12. The method of claim 11, wherein the one or more ratios include
a ratio of an amount of a light hydrocarbon to an amount of one or
more heavier hydrocarbons.
13. The method of claim 11, wherein the hydrocarbons are released
from the region of the formation as a result of drilling the
borehole.
14. The method of claim 11, wherein generating the fluid log
includes correlating values of the one or more ratios to a fluid
type, and displaying an indicator of at least one of the values and
the fluid type in the fluid log.
15. The method of claim 11, wherein analyzing includes calculating
a permeability index based on the one or more ratios.
16. The method of claim 15, wherein the permeability index is
calculated based on a slope of a trace formed by plotting the
values of multiple gas ratios for a borehole interval.

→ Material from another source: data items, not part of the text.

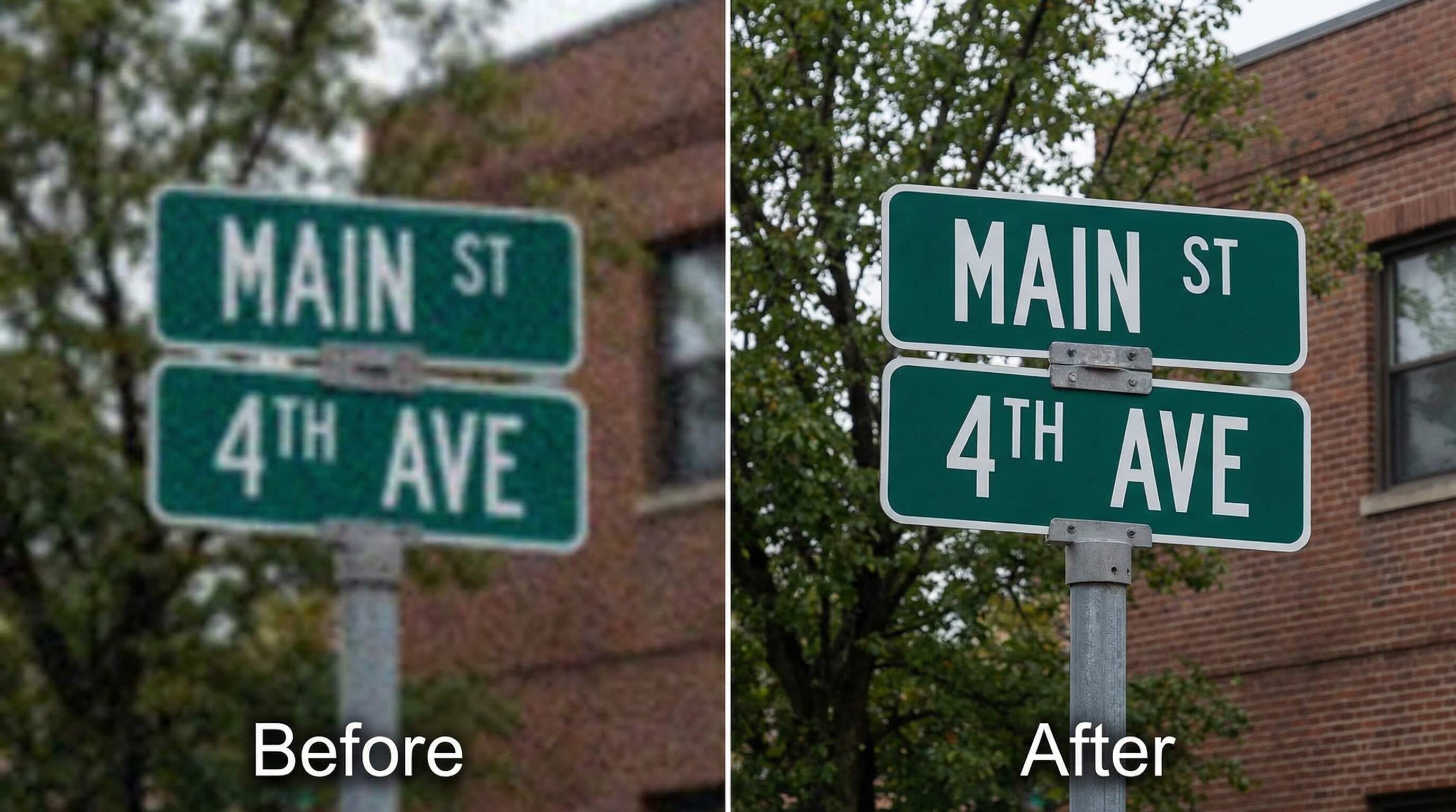 YouCam Enhance AI Blur Remover luar biasa dalam menghilangkan blur dan mempertajam tiap huruf hingga kejernihan 4K. Ini jelas AI photo enhancer terbaik untuk teks — sempurna untuk mengubah foto dokumen atau papan tanda yang buram menjadi gambar tajam berkualitas profesional. — Jackson Miles, Agen Properti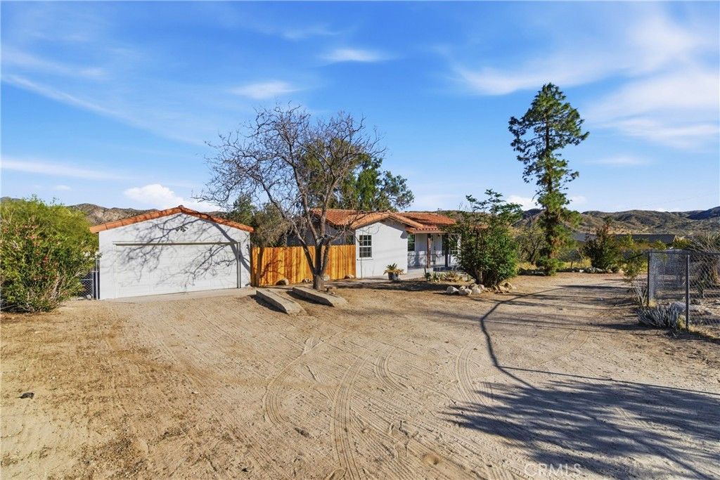 Charming Remodeled 2 bedroom, 1 bathroom home with den located in the peaceful area of Morongo Valley Property features indoor laundry, functional floor plan, and Spanish tile roof. Situated on an approximately 1.3-acre lot, offering ample space for outdoor use, storage with detached 2 car garage, or future possibilities. tiled bathroom and indoor laundry. Enjoy desert views and a quiet setting while still conveniently located near Yucca Valley, Joshua Tree, and Palm Springs.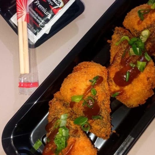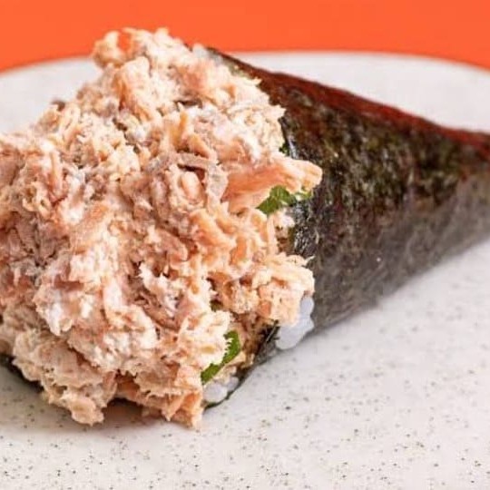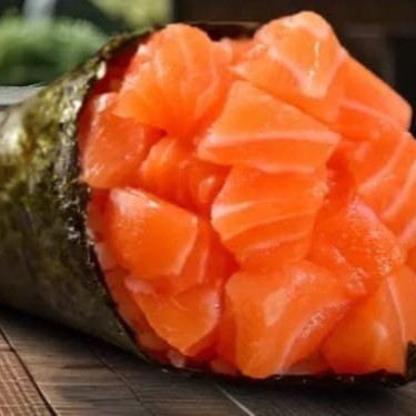 4 mini temaki arroz,salmão grelhado,empanado e frito finalizado com teriaky da casa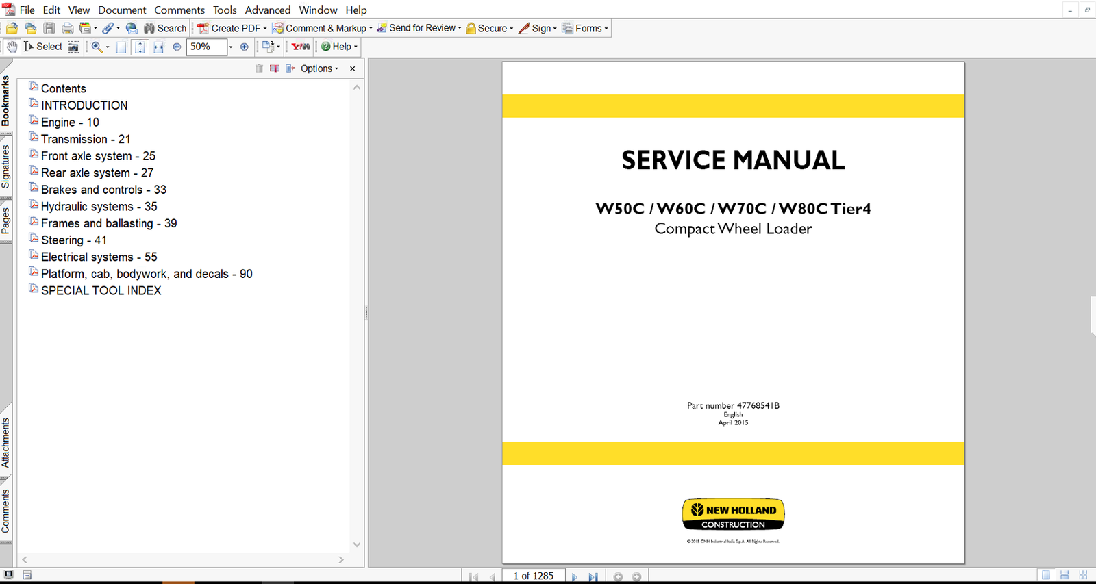 Whether you’re performing a quick service or a complete overhaul, this manual is your essential companion for maximizing the performance and longevity of your New Holland W50C Wheel Loader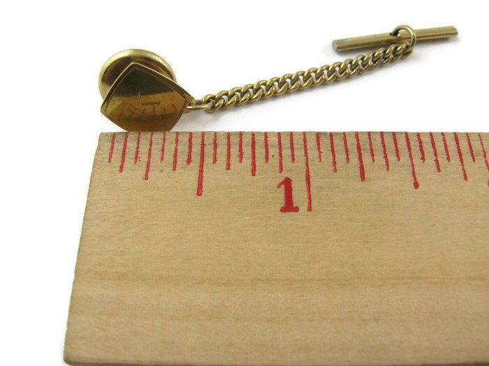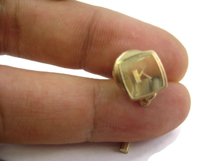 Vintage Tie Tack Tie Pin: Etched "K" Center Gold Tone Rectangle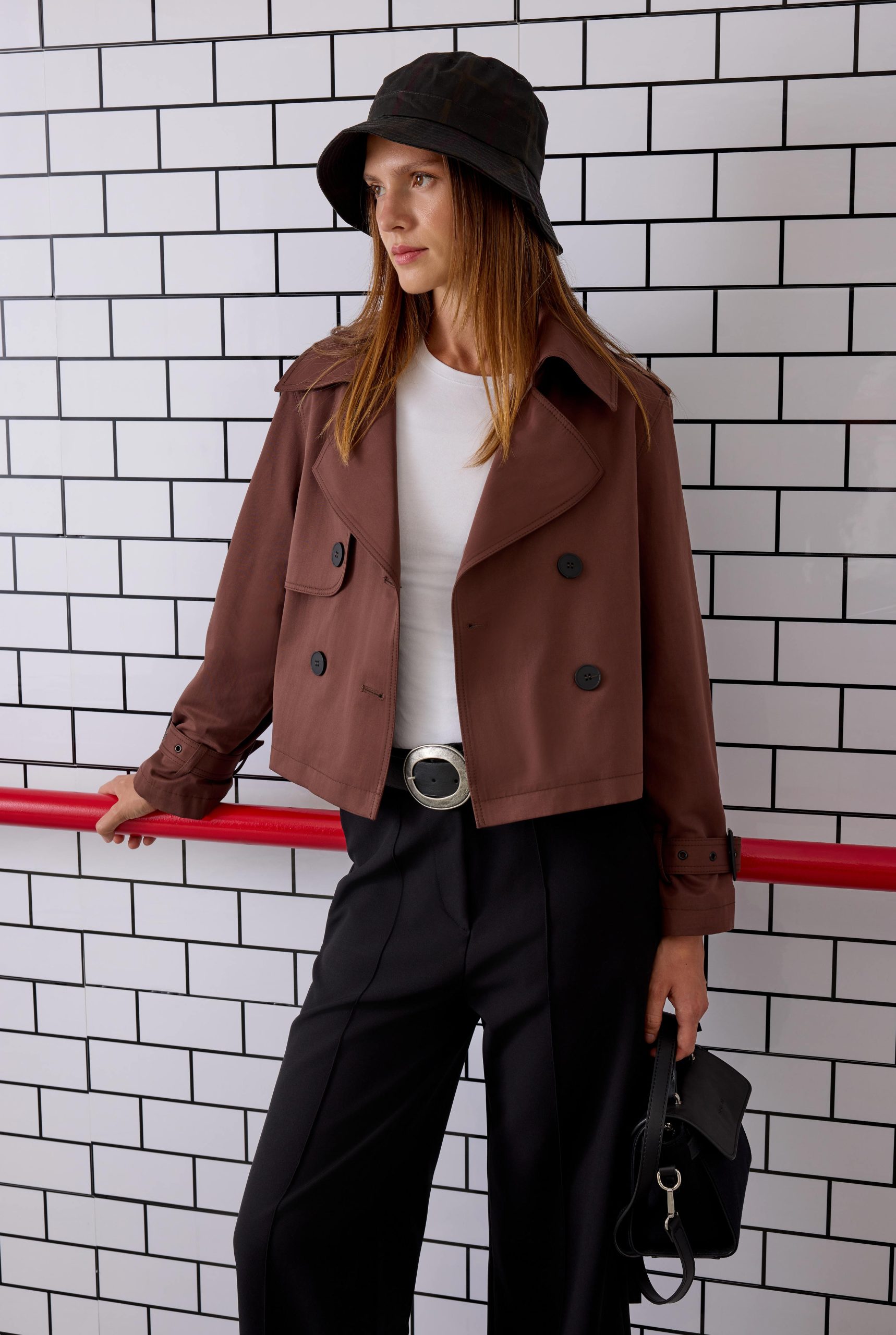 %60 Pamuk ve %40 Polyester karışımlı kumaştan üretilmiştir. Pamuk içeriği sayesinde nefes alan ve konforlu bir kullanım sunarken, polyester dokusu ürüne ekstra dayanıklılık katar. Böylece trençkot, yıpranmalara karşı daha dirençli olur ve formunu uzun süre korur. Ayrıca polyester içeriğe yaptırdığımız su itici özellik, trençkotlarda suya karşı dayanıklı bir özellik kazandırır.Ürün hafif bol bir kalıba sahiptir. Mankenin üzerindeki beden 36’dır. Daha fit bir görünüm isteyenler bir beden küçük tercih edebilir.Kumaş bakım notu: Pamuk karışımlı kumaşların uzun ömürlü kullanımı için düşük ısıda hassas programda yıkanması önerilir. Askıda kurutulmalıdır. Orta ısıda buharlı ütü yapılabilir.Boy: 51,5 cm (Ürün boyu üretimler arası 1-5 cm değişebilir.)Kalıp Bilgisi:GöğüsBasen Kol BoyuPazu36 Beden: 106 cm 102 cm 57 cm 44 cm 38 Beden: 110 cm 106 cm 58 cm 46 cm 40 Beden: 114 cm 110 cm 59 cm 48 cm 42 Beden: 118 cm 114 cm 60 cm50 cm Manken Ölçüleri:Boy: 174 cm Göğüs: 83 cm Bel: 60 cm Basen: 90 cm Mankenin Üzerindeki Beden: 36

17. The method of claim 15, wherein analyzing includes estimating
traces on a triangular plot of multiple gas ratios, and calculating
the permeability index based on a point of intersection between the
traces.
18. The method of claim 15, wherein analyzing includes estimating a
plurality of gas ratios, each gas ratio being a ratio of one
hydrocarbon gas type to total gas, plotting each gas ratio on a
triangular plot, and estimating whether the interval represents a
permeable heavier hydrocarbon zone or a permeable lighter
hydrocarbon zone.
19. The method of claim 15, wherein the permeability index is
calculated based on a value of a Haworth ratio of hydrocarbon
gases.
20. The method of claim 15, wherein the permeability index is
calculated based on a value of an oil indicator, the oil indicator
calculated based on a ratio of a sum of multiple heavy hydrocarbon
components to a light hydrocarbon component.
Description
CROSS REFERENCE RELATED APPLICATIONS
[0001] This application claims the benefit of an earlier filing
date from U.S. Provisional Application Ser. No. 62/153,122 filed
Apr. 27, 2015, the entire disclosure of which is incorporated
herein by reference.
BACKGROUND
[0002] During subterranean drilling and completion operations, a
pipe or other conduit is lowered into a borehole in an earth
formation during or after drilling operations. Such pipes are
generally configured as multiple pipe segments to form a "string",
such as a drill string or production string. As the string is
lowered into the borehole, additional pipe segments are coupled to
the string by various coupling mechanisms, such as threaded
couplings.
[0003] Mud logging and/or gas logging is a commonly applied service
for the hydrocarbon industry and is referred to as the extraction
and measurement of hydrocarbons in fluid (e.g., drilling mud),
which may be dissolved, contained as bubbles or microbubbles,
and/or otherwise present in the fluid. Measurements are conducted
during a drilling operation with a Mass Spectrometer, a Gas
Chromatograph, a combination thereof, an optical sensor, any other
gas measurement device, or can be derived from fluid samples
previously taken.
BRIEF DESCRIPTION
[0004] An embodiment of an apparatus for estimating and displaying
formation and formation fluid properties includes a sampling device
coupled to borehole fluid circulated through a borehole in an earth
formation, the borehole fluid including hydrocarbons released from
a region of the formation surrounding an interval of the borehole,
the sampling device configured to sample the borehole fluid at a
plurality of sample times during a downhole operation. The
apparatus also includes an analysis unit configured to analyze the
sample of the borehole fluid at each sample time and estimate
amounts of hydrocarbons in the borehole fluid, and a processing
device configured to estimate one or more ratios of an amount of at
least one hydrocarbon gas to an amount of at least another
hydrocarbon gas at each sample time, analyze the one or more ratios
to estimate a type of hydrocarbon fluid associated with the ratio,
and automatically generate a fluid log that displays an indication
of the type at each of the plurality of sample times.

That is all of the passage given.